- [REQUIRED ACTION]
The entries below hold a line with "wykonane przez dzieci…" and a line with "从给出的配置信息来看,这款《". Return those lines and all that lie between them, exactly and only.

- [TASK DATA]

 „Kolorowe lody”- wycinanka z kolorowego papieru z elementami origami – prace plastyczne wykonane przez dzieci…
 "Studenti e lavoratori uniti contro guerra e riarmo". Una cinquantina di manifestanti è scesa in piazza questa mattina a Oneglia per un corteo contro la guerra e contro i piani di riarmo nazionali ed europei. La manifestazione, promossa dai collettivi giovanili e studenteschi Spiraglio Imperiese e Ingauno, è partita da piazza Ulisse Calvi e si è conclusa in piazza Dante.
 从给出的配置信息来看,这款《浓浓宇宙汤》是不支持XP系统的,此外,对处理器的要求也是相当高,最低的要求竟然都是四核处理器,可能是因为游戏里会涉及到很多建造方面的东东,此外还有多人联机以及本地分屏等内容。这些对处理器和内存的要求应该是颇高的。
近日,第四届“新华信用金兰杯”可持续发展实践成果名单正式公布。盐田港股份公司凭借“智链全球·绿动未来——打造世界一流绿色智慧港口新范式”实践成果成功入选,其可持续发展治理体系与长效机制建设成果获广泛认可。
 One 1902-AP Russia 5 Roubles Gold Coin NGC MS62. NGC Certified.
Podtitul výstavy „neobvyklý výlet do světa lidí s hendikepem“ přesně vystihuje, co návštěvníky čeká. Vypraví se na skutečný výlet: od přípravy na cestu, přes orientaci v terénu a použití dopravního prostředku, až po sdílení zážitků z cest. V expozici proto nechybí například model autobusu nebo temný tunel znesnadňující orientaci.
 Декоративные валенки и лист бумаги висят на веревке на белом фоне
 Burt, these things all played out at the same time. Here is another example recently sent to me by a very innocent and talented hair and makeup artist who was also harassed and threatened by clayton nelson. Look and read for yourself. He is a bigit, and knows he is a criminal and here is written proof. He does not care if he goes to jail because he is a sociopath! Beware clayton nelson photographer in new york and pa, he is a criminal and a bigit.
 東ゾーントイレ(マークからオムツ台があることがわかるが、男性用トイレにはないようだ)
--
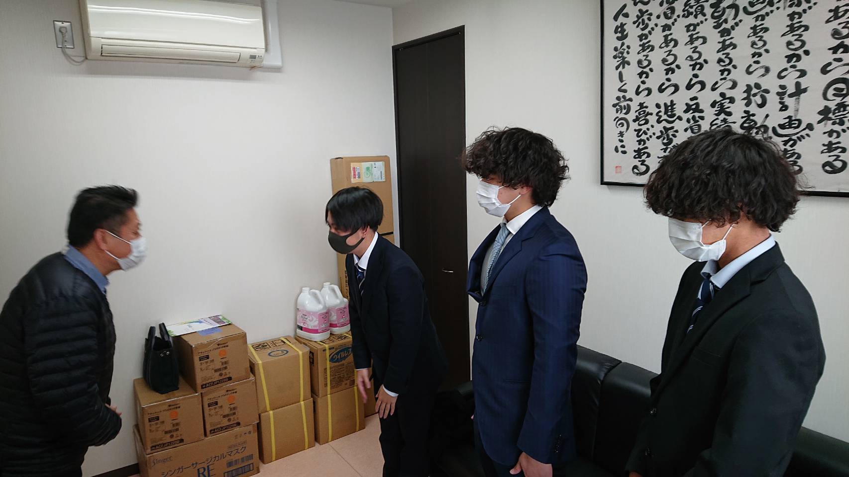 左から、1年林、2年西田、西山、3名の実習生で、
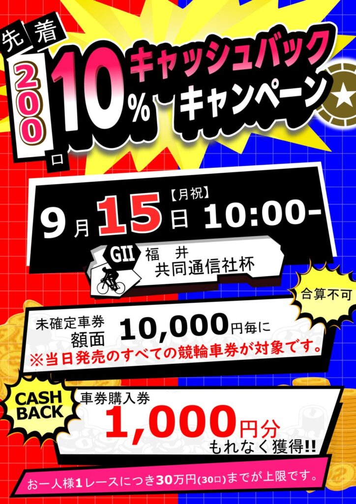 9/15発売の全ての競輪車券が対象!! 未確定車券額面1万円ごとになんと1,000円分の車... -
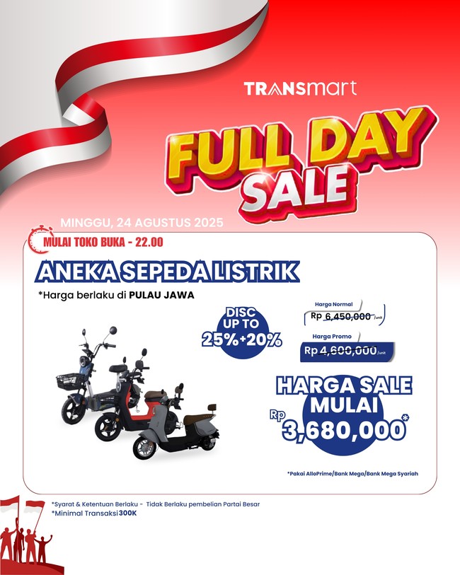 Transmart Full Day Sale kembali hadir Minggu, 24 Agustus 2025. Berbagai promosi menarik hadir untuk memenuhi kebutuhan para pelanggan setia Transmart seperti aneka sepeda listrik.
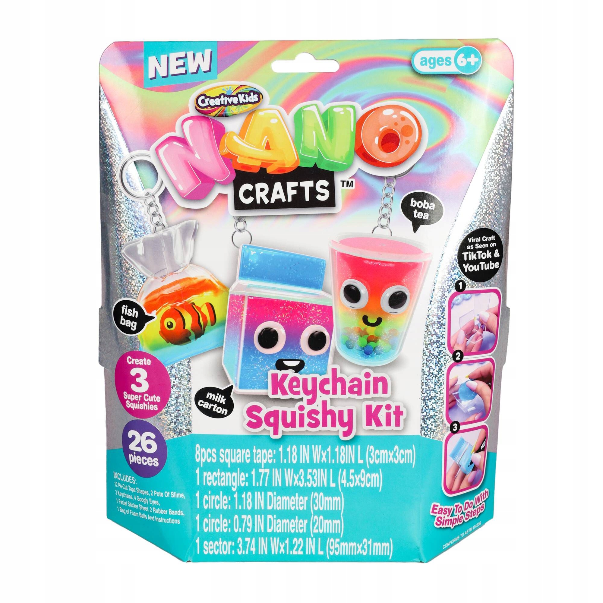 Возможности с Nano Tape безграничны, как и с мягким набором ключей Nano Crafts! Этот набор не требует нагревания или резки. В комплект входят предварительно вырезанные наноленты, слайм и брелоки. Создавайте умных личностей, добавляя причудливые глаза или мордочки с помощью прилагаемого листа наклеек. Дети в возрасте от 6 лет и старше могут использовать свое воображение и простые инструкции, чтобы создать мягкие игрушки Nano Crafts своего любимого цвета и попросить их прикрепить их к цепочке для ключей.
---
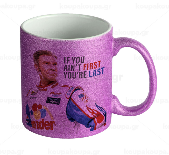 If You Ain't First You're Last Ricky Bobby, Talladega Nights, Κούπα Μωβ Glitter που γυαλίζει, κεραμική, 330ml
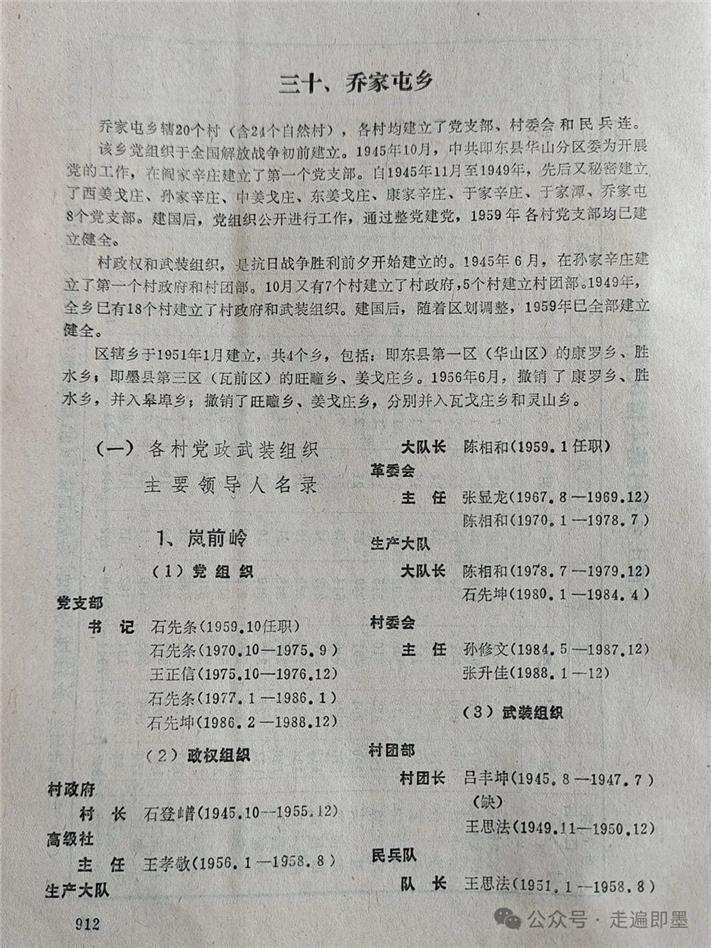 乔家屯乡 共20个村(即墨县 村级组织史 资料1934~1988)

- [ANSWER BOX]
 „Kolorowe lody”- wycinanka z kolorowego papieru z elementami origami – prace plastyczne wykonane przez dzieci…
 "Studenti e lavoratori uniti contro guerra e riarmo". Una cinquantina di manifestanti è scesa in piazza questa mattina a Oneglia per un corteo contro la guerra e contro i piani di riarmo nazionali ed europei. La manifestazione, promossa dai collettivi giovanili e studenteschi Spiraglio Imperiese e Ingauno, è partita da piazza Ulisse Calvi e si è conclusa in piazza Dante.
 从给出的配置信息来看,这款《浓浓宇宙汤》是不支持XP系统的,此外,对处理器的要求也是相当高,最低的要求竟然都是四核处理器,可能是因为游戏里会涉及到很多建造方面的东东,此外还有多人联机以及本地分屏等内容。这些对处理器和内存的要求应该是颇高的。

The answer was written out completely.